▶ [Material shown]:
Content starts

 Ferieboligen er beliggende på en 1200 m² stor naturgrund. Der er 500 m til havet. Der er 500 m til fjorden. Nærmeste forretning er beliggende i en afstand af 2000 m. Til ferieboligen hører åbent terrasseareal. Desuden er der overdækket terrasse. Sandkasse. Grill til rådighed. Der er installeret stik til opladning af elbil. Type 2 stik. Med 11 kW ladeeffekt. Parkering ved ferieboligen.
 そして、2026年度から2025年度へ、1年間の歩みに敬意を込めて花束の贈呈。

Content ends
Content starts

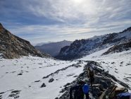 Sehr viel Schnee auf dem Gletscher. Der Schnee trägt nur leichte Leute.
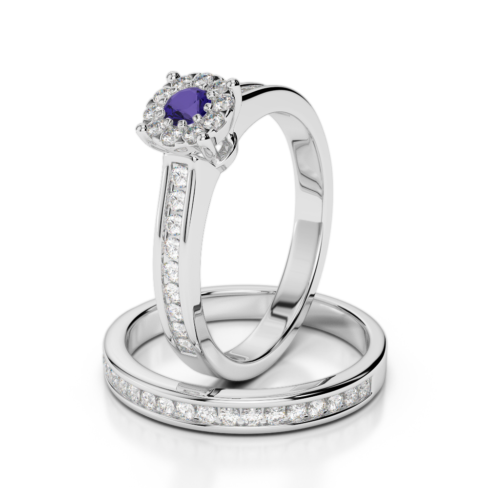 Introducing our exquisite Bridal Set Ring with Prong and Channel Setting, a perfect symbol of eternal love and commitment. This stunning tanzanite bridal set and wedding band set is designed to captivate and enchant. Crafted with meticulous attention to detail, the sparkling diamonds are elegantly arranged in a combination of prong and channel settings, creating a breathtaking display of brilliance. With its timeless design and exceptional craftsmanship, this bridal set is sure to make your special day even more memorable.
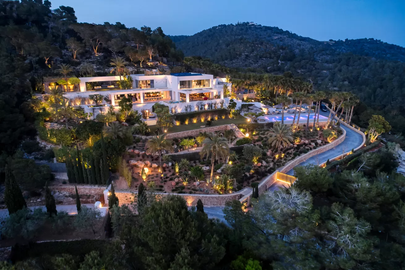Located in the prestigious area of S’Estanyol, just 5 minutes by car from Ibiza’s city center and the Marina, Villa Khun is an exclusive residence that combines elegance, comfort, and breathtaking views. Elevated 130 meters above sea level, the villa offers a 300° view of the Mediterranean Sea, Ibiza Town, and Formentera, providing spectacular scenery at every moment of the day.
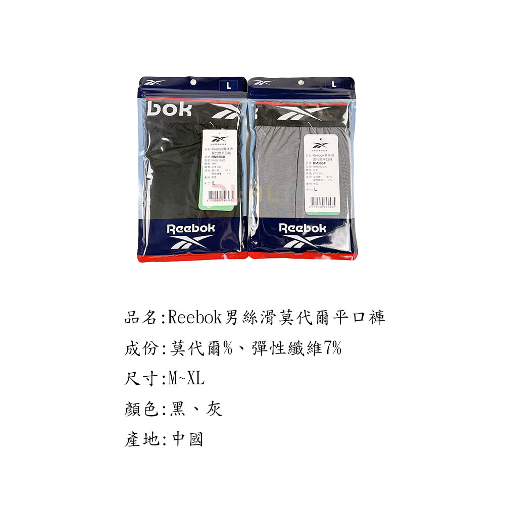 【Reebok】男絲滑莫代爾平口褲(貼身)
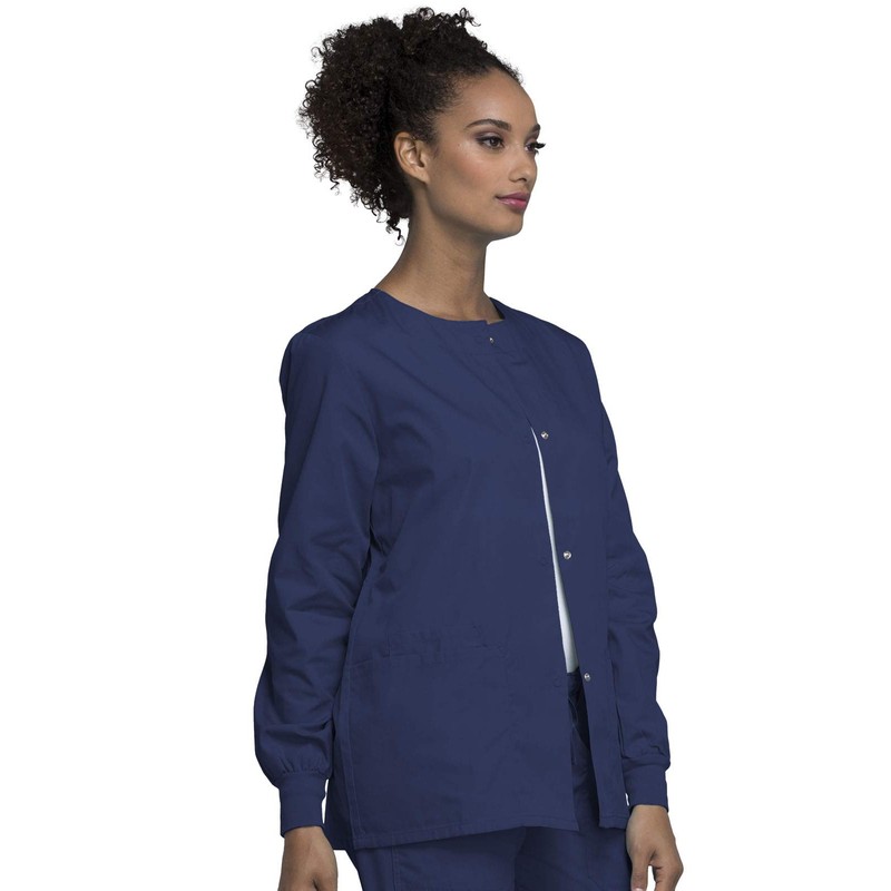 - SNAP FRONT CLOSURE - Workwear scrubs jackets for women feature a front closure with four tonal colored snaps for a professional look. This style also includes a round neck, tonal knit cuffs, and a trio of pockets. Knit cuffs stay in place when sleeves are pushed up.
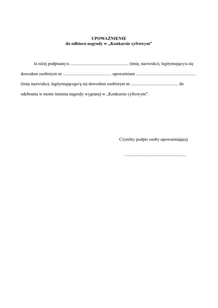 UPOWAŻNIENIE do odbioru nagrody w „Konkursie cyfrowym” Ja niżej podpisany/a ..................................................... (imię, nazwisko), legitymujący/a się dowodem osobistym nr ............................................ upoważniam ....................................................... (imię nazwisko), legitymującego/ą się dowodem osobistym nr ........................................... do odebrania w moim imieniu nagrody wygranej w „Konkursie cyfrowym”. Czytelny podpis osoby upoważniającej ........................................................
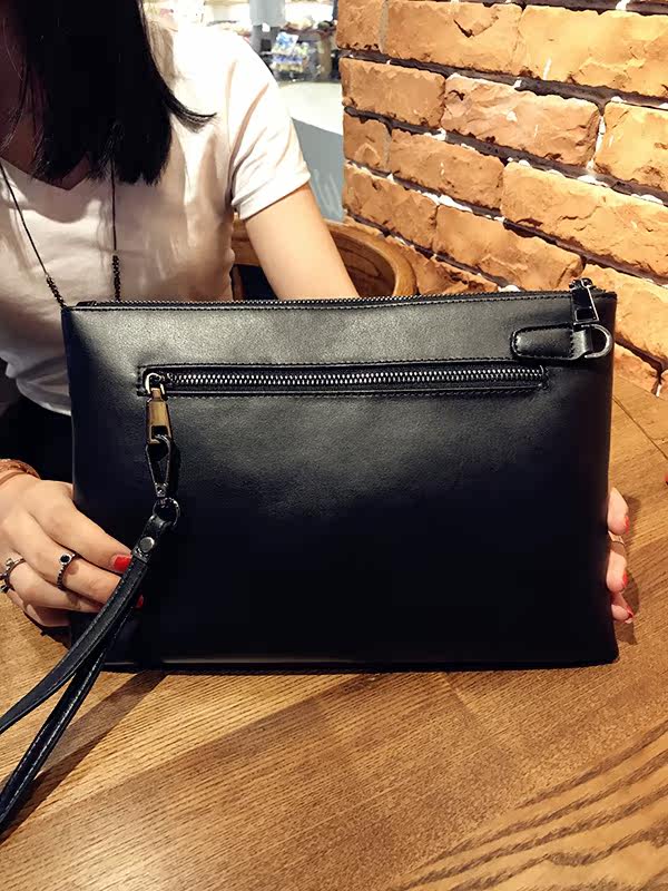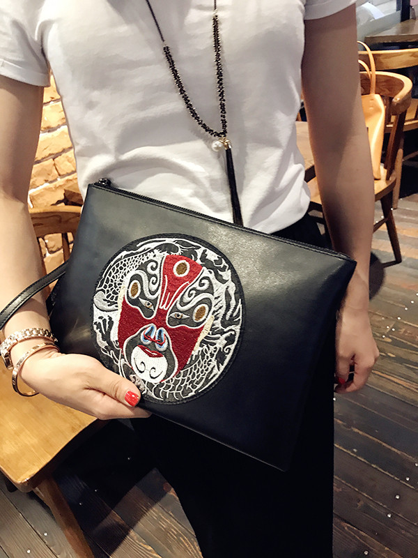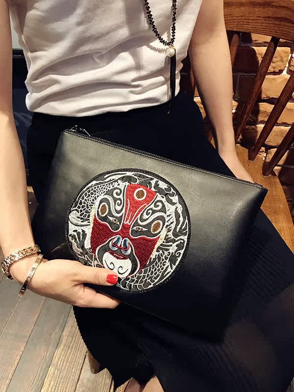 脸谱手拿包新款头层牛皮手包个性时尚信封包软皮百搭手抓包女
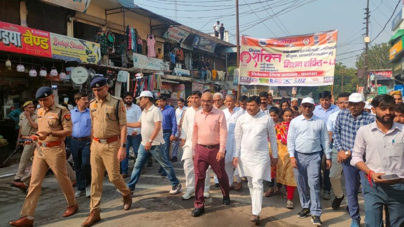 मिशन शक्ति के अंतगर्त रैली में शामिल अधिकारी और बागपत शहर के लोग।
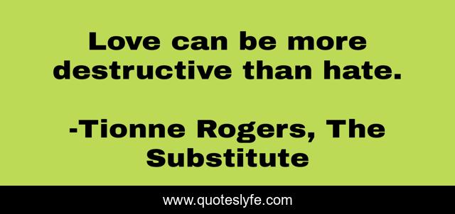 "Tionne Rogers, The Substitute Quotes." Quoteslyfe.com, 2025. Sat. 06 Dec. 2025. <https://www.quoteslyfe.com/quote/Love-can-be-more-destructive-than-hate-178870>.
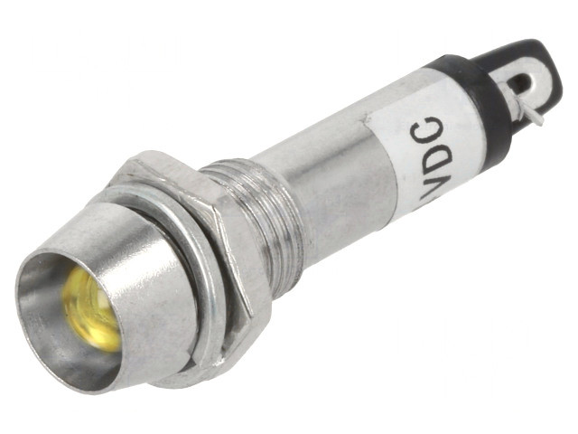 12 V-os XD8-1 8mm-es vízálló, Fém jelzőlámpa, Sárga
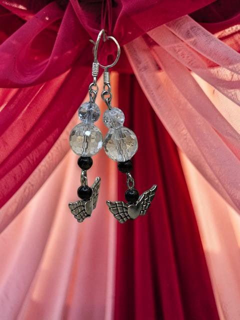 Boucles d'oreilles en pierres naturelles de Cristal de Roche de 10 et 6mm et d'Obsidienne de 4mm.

Content ends
Content starts

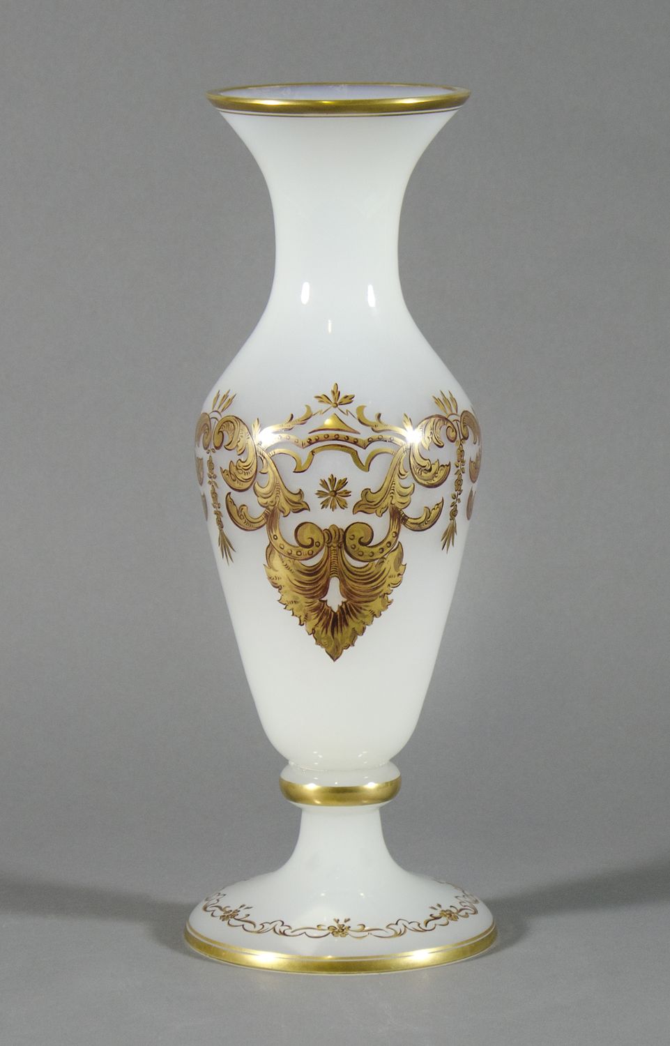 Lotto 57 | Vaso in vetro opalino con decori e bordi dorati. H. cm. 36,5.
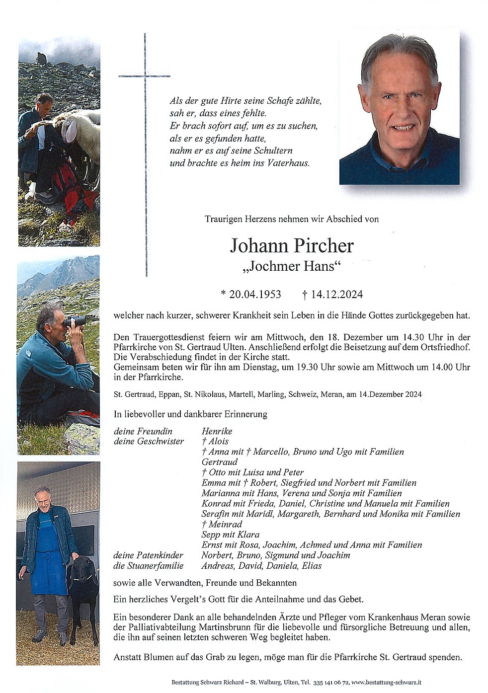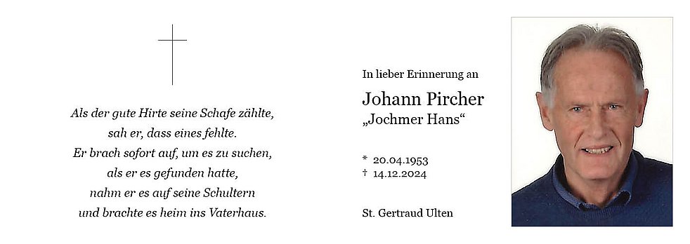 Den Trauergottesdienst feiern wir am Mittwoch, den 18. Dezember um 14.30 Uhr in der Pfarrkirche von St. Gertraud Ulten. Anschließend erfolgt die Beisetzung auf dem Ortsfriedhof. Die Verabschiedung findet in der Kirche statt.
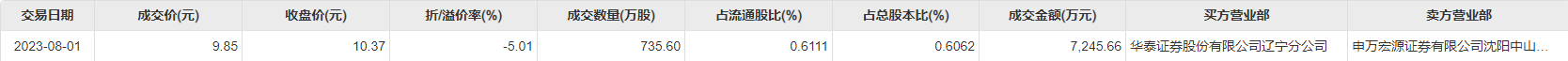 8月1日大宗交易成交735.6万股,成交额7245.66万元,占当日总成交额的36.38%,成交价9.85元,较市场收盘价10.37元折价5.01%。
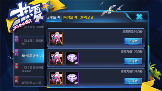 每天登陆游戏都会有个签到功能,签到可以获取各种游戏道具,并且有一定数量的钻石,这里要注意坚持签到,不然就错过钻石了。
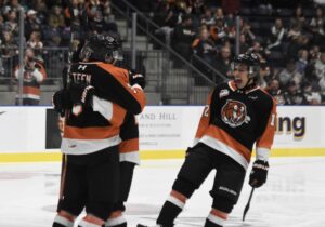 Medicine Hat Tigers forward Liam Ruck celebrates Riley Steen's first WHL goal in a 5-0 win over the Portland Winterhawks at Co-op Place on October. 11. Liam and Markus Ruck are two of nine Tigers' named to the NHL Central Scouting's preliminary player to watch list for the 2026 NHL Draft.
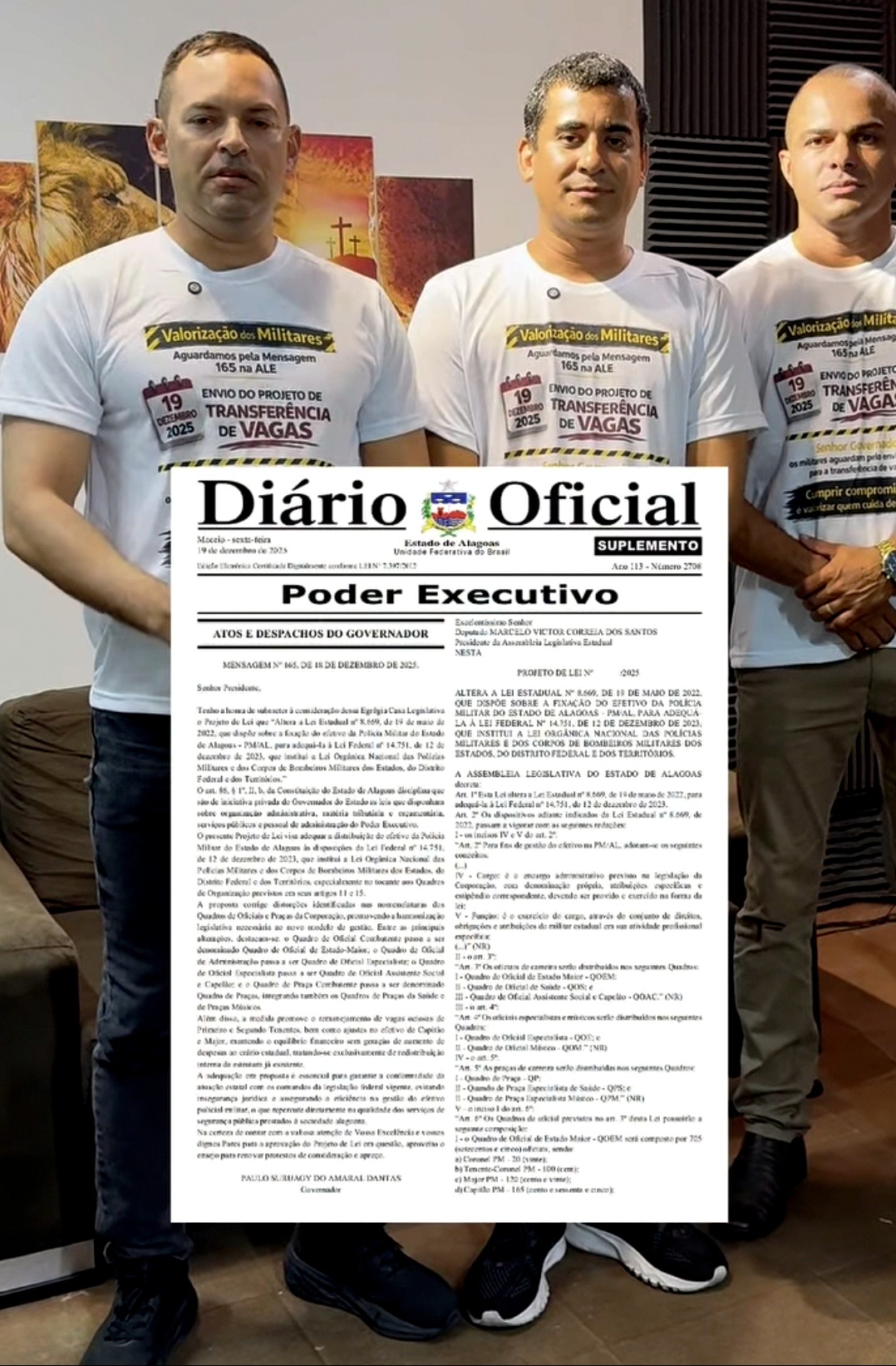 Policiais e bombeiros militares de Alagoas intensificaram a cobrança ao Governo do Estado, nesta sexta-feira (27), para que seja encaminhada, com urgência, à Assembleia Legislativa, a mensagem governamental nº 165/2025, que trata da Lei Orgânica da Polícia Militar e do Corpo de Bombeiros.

Content ends

▶ [The problem]:
From the material above, set down exactly the lines between the line holding "Ferieboligen er beliggende" and the line holding "そして、2026年度から2025年度へ、1年間の歩みに敬意を込めて花束の贈呈。", inclusive. Include nothing else.

▶ [Answer section]:
 Ferieboligen er beliggende på en 1200 m² stor naturgrund. Der er 500 m til havet. Der er 500 m til fjorden. Nærmeste forretning er beliggende i en afstand af 2000 m. Til ferieboligen hører åbent terrasseareal. Desuden er der overdækket terrasse. Sandkasse. Grill til rådighed. Der er installeret stik til opladning af elbil. Type 2 stik. Med 11 kW ladeeffekt. Parkering ved ferieboligen.
 そして、2026年度から2025年度へ、1年間の歩みに敬意を込めて花束の贈呈。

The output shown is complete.